#### [Your assignment]
Retype exactly what appears below from the line containing "The analysis of" down to the line containing "下图的项链就是利用了钻石的荧光反应而做出的别出心裁的设计,是不是很漂亮?", keeping both end lines. Do not include pictures.

#### [Data excerpts]

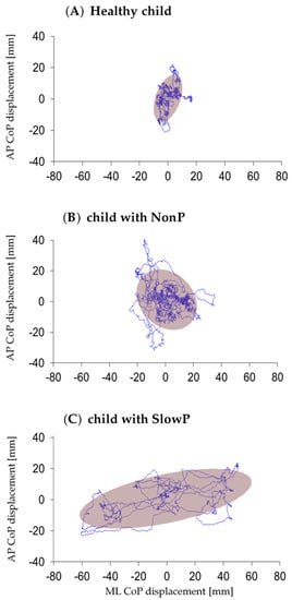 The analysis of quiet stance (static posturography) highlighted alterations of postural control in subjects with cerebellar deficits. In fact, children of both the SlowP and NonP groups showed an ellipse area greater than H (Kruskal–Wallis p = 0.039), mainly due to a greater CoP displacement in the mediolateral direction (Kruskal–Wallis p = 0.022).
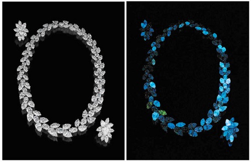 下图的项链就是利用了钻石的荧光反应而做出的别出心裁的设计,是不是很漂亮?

--

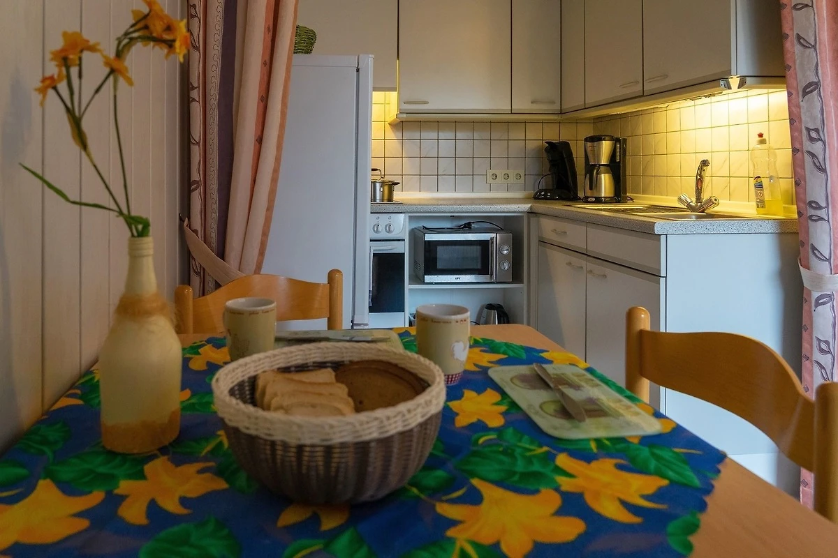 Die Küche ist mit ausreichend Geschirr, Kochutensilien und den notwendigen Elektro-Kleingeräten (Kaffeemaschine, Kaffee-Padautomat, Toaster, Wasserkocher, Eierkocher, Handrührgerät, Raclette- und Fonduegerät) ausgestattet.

---

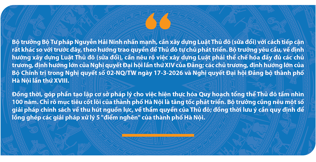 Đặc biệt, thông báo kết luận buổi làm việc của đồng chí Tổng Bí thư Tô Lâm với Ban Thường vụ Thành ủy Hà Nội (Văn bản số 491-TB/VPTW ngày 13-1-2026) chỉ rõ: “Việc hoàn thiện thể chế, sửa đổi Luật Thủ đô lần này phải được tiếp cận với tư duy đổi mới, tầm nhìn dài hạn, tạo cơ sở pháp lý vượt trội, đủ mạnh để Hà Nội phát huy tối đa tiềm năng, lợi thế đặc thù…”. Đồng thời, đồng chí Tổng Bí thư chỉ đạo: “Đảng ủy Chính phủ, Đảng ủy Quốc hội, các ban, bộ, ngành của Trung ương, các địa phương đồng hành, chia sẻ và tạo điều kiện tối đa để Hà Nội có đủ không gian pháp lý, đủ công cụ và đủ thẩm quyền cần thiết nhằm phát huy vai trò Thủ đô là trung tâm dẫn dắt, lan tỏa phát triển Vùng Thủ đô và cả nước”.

#### [Response box]
 The analysis of quiet stance (static posturography) highlighted alterations of postural control in subjects with cerebellar deficits. In fact, children of both the SlowP and NonP groups showed an ellipse area greater than H (Kruskal–Wallis p = 0.039), mainly due to a greater CoP displacement in the mediolateral direction (Kruskal–Wallis p = 0.022).
 下图的项链就是利用了钻石的荧光反应而做出的别出心裁的设计,是不是很漂亮?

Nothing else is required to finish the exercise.